First, doctrinal clarity. The Church must know what she teaches, and why. Her judgments must arise from Scripture rightly interpreted within the tradition, not from sentiment or pressure.
Second, moral integrity. Those who judge must themselves live under judgment. Gregory the Great warned that the bishop who corrects others without correcting himself “builds with one hand and tears down with the other.”
Third, pastoral courage. The Church must be willing to correct even when correction is costly — when it threatens unity, reputation, or institutional survival. Athanasius did not preserve the faith by diplomacy. He preserved it by endurance.
Where any of these fail, judgment becomes fragile.
This is why the language of heresy was always used sparingly in the tradition. The Church did not scatter it in interviews or deploy it casually in controversies. She reserved it for councils, confessions, and solemn acts of discipline. It was not a weapon of persuasion. It was a final remedy when teaching itself endangered salvation.
The Deeper Crisis
The present controversy reveals a deeper crisis than nationalism in the East or decadence in the West.
It reveals a Church uncertain of her own authority.
We live in an age in which bishops hesitate to judge their own clergy, synods hesitate to correct their own provinces, and communions hesitate to define their own faith — and yet expect to speak with clarity to the nations.
This inversion cannot endure.
Either the Church recovers the discipline to govern herself,
or she will slowly lose the right to govern anything at all.
For the authority to judge the world is not granted by office alone.
It is granted by obedience.
The Fathers understood this instinctively. Councils spoke with authority not because they were clever, but because they were faithful. Their judgments carried weight because they themselves bore discipline. Their anathemas were feared because their bishops were holy.
When discipline vanishes, judgment becomes noise.
A Final Word
The use of faith to sanctify violence is indeed a blasphemy.

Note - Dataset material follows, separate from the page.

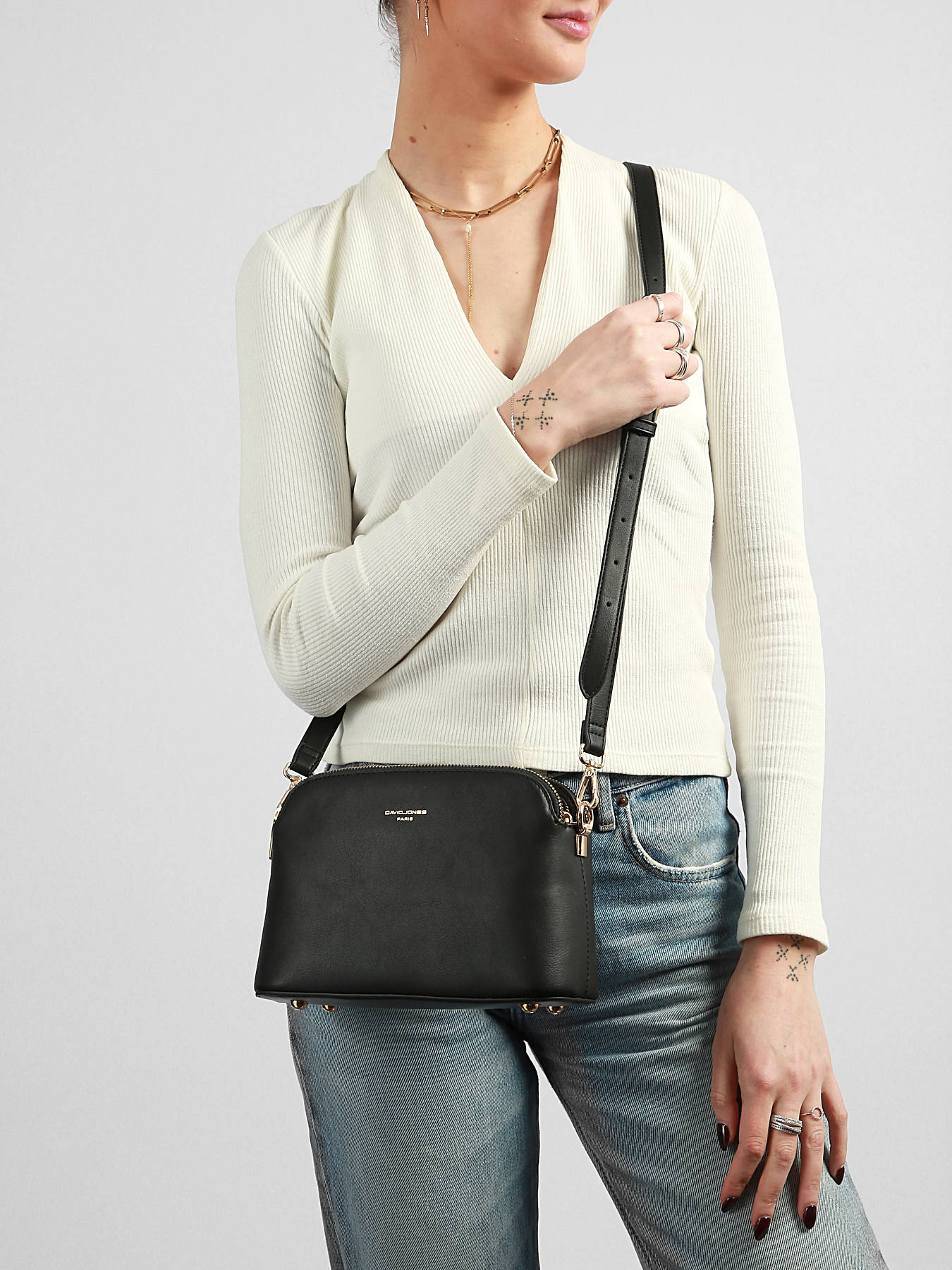 The DAVID JONES FRENCH Crossbody Bag combines urban elegance with optimal functionality. Crafted from high-quality PU, it features a smooth, durable texture perfect for daily use. Its zip closure secures your belongings while allowing quick access to essentials. The thoughtfully designed interior includes three compartments, one simple pocket, and one zip pocket, making it easy to organize cards, documents, phone, and small items. Versatile, it can be comfortably worn as a crossbody thanks to its adjustable and removable strap, providing a custom fit. Compact yet spacious enough for daily essentials, this bag blends practicality with modern design, perfect for city days or casual outings. With clean lines and refined finishes, it is a chic and functional accessory, essential in a contemporary wardrobe.

The confusion of nation and Kingdom is indeed a grave error.
The distortion of martyrdom into nationalism is indeed a perversion of Christ.
These things must be named.
But the Church must also remember:
The sharpness of her judgments will never compensate
for the silence of her discipline.
If we wish to speak credibly against heresy in the world,
we must first recover the courage to confront it in the Church.
Only then will our words carry the weight they deserve.